Build the project with -Pmr to build the mapreduce artifacts
Make sure to clone the rya tables before doing the upgrade
Run
hadoop jar accumulo.rya-mr.jar org.apache.rya.accumulo.mr.upgrade.Upgrade322Tool -Dac.instance={} -Dac.username={} -Dac.pwd={}
Using Git, pull down the latest code from the url above.
Run the command to build the code mvn clean install
If all goes well, the build should be successful and a war should be produced in web/web.rya/target/web.rya.war
Note: The following profiles are available to tailor the build:
Profile ID
Purpose
geoindexing
perform a build of the geomesa/lucene indexing
mongodb
build with mongoDB configuration (defaults to accumulo)
To run the build with the profile ‘geoindexing’ mvn clean install -P geoindexing.
Note: If you are building on windows, you will need hadoop-common 2.6.0’s winutils.exe and hadoop.dll. You can download it from here. This build requires the Visual C++ Redistributable for Visual Studio 2015 (x64).
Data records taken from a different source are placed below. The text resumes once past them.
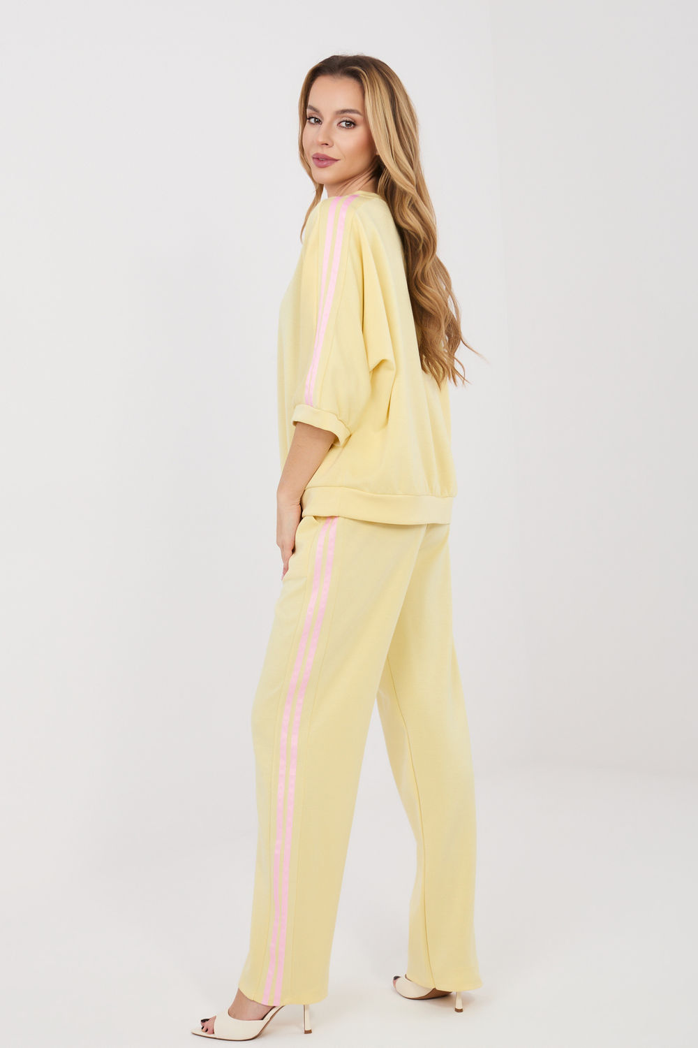 Ensemble de survêtement pour femme composé d’un sweat à capuche et d’un pantalon, idéal pour des tenues décontractées au quotidien. Le motif lisse rend l’ensemble polyvalent et facile à assortir à différentes occasions, des promenades aux achats en passant par la détente à la maison. L’ensemble est fabriqué dans un mélange agréable de polyester, de viscose et d’élasthanne. Le matériau de type « beurre » est exceptionnellement doux, délicat et extrêmement agréable au toucher, offrant ainsi un grand confort et une liberté de mouvement. Le pantalon a une taille haute et des jambes longues et droites qui s’adaptent bien à la silhouette. Il est doté d’une fermeture pratique à la taille pour s’ajuster à la silhouette. Le modèle est également équipé de poches latérales pratiques. Le sweat à capuche avec des manches longues jusqu’au coude complète parfaitement l’ensemble. Les bandes décoratives à la mode le long des manches et des jambes donnent à l’ensemble un caractère sportif et moderne.
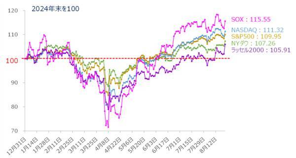 <図2>米主要株価指数のパフォーマンス比較(2025年8月22日時点)
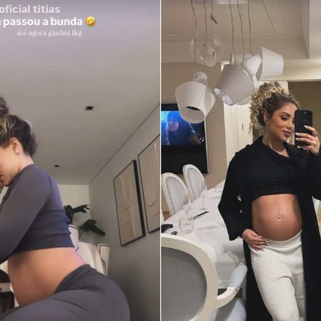 “É oficial, titias: a barriga passou a bunda (risos). Até agora ganhei 1 kg. Praticamente entrando no sétimo mês e esse neném já tá todo amostradinho”, escreveu ela, que logo depois também publicou uma foto exibindo a barriga em frente ao espelho.
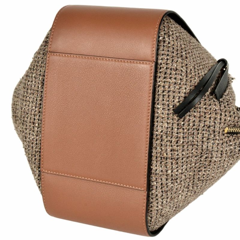 5. ロエベ LOEWE ハンモック スモール ツイード ハンドバッグ レザー 309.62.S35 ブラウン ショルダーバッグ レディース【中古】
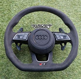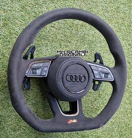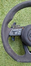 Volante Sportivo Originale Completo Audi RS Tagliato Appiattito Piatto, Full Alcantara con cuciture in Rilievo Grigie.
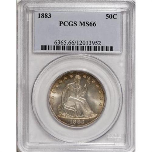 <B>1883 50C MS66 PCGS.</B></I> The 1883 half dollar comes with a relatively small mintage of 8,000 business strikes, and is a challenging issue in the better grades of Mint State. Copper-gold peripheral toning frames the untoned centers of this radiantly lustrous Premium Gem, and a powerful strike leaves sharp definition on the design elements. Some inoffensive obverse marks are mentioned for complete accuracy. Population: 10 in 66, 1 finer (12/07).<BR><BR><B>Coin Engraver:</B> Christian Gobrecht<BR><BR><b>Shipping:</b> Coins & Currency (<a target="_blank" href="http://www.heritageauctions.com/common/shipping.php">view shipping information</a>)
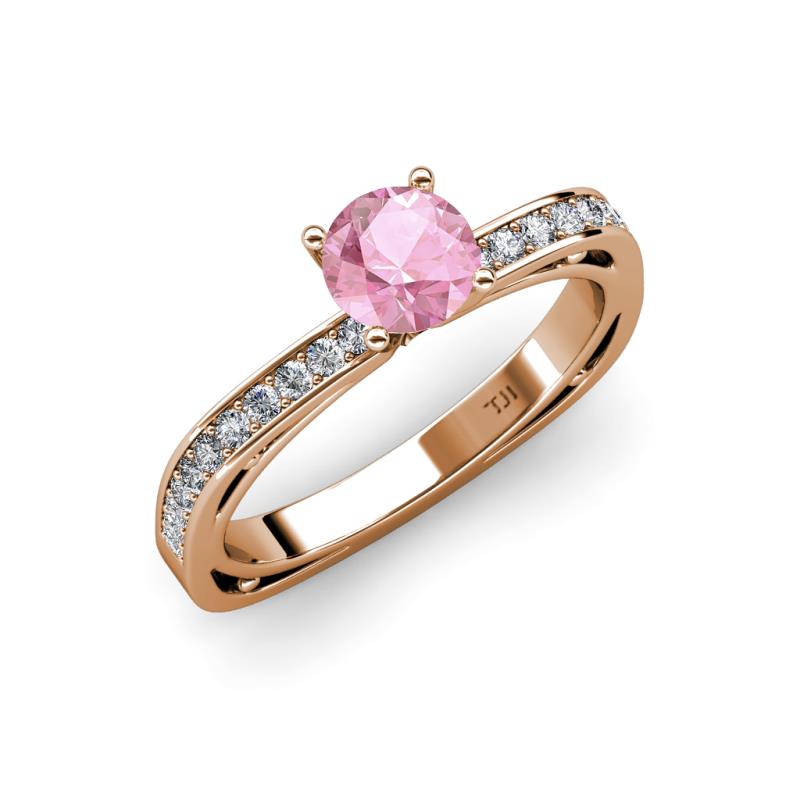 Classic and elegant, this 0.97 cttw Engagement Ring offers a unique twist on tradition which Centers Pink Tourmaline and small round diamonds flank the Euro Shank design adorning the graceful shank making it an ideal choice for a loving proposal.
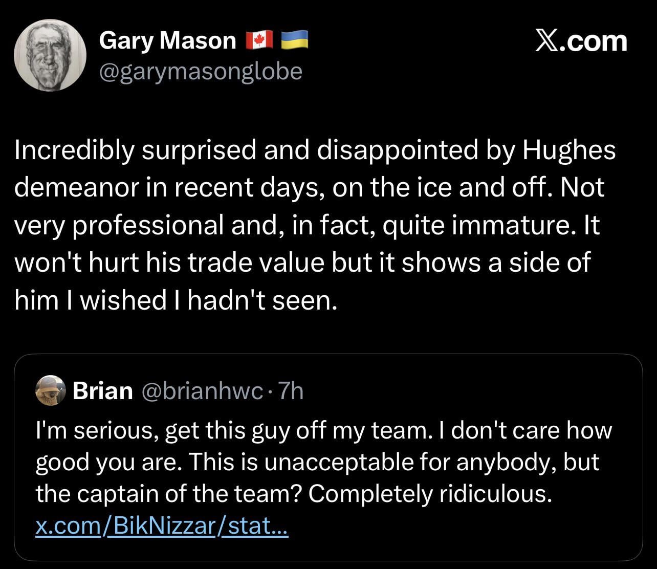The team drove away Miller and Tocchet and it’s pretty clear Foote is in way over his head. I just cannot blame Hughes for being sick of Aquilini’s mess of a team.

Also you will need to set your path and Hadoop home using the commands below:
set HADOOP_HOME=c:\hadoop-common-2.6.0-bin
set PATH=%PATH%;c:\hadoop-common-2.6.0-bin\bin
Deployment Using Tomcat
Unwar the above war into the webapps directory.
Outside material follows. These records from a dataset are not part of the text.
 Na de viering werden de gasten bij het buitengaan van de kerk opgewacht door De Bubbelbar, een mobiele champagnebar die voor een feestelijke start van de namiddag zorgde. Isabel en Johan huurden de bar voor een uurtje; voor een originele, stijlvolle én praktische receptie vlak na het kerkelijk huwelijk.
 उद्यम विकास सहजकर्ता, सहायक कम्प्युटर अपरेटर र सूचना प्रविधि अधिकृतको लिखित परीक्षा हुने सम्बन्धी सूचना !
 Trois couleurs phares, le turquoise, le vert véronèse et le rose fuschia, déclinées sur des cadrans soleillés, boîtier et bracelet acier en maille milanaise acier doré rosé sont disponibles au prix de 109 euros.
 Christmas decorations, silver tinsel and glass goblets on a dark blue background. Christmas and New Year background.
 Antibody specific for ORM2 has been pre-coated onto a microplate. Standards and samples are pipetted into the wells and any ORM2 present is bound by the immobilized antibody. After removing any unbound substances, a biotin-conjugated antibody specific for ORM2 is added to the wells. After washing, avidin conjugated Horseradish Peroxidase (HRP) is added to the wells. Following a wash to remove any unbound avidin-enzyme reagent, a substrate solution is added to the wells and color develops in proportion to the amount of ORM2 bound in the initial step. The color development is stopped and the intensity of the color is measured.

To point the web.rya war to the appropriate database instance, make a properties file environment.properties and put it in the classpath.
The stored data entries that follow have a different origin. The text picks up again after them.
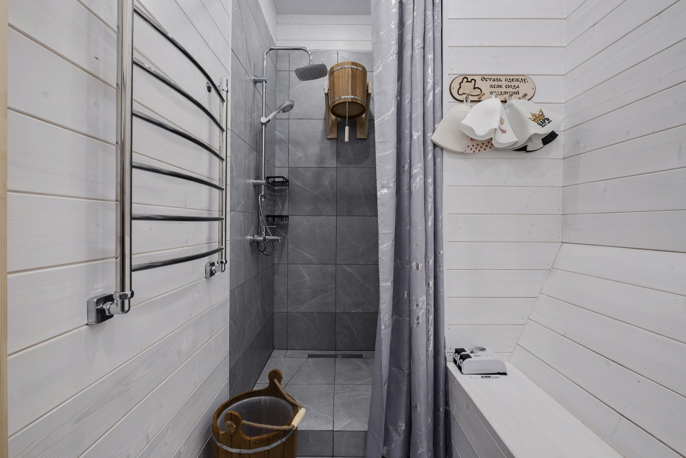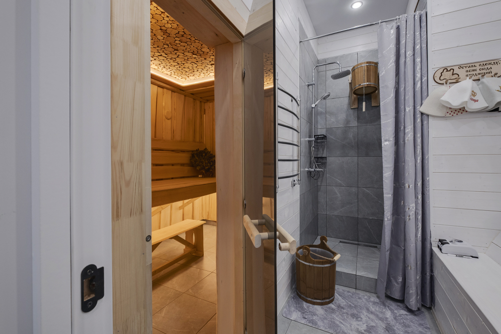 Баня есть около домиков А-фрейм № 2 на 8 гостей, А-фрейм № 3 на 8 гостей, A-frame №4.
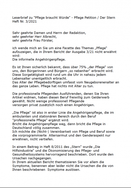 * Leserbrief * „Der Stern“, 14.01.2012: „Pflege braucht Würde“
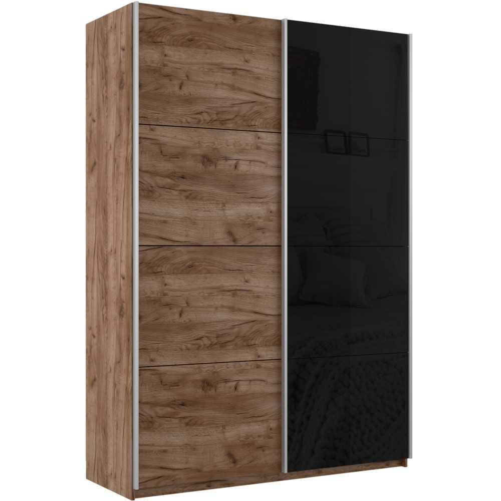 Шкаф-купе Прайм 2х дверный ДСП/Стекло черное 120х57х230 (Дуб/крафт/табак)
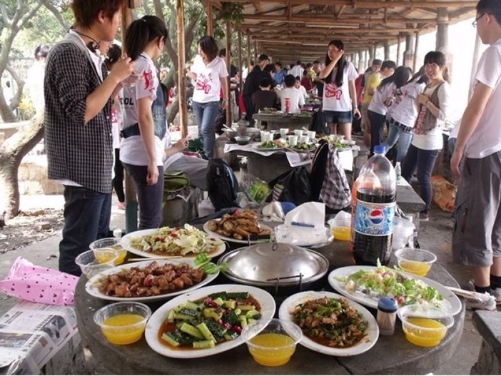 11:40来到【野炊园】进行我们的野炊。分队。农家乐的过程是:分10人一组,选队长,队长安排组员分别去领锅具和食材、捡柴、抓鸡抓鱼、菜地摘菜,开始做饭。

Here is an example for accumulo:
# Accumulo instance name
instance.name=accumulo
# Accumulo Zookeepers
instance.zk=localhost:2181
# Accumulo username
instance.username=root
# Accumulo password
instance.password=secret
# Rya Table Prefix
rya.tableprefix=triplestore_
# To display the query plan
rya.displayqueryplan=true
Please consult the Accumulo, ZooKeeper, and Hadoop documentation for help with setting up these prerequisites.
Here is an example for mongoDB (populate user/userpassword if authentication to mongoDB required):
Here is a code snippet for directly running against Accumulo with the code. You will need at least accumulo.rya.jar, rya.api, rya.sail.impl on the classpath and transitive dependencies. I find that Maven is the easiest way to get a project dependency tree set up.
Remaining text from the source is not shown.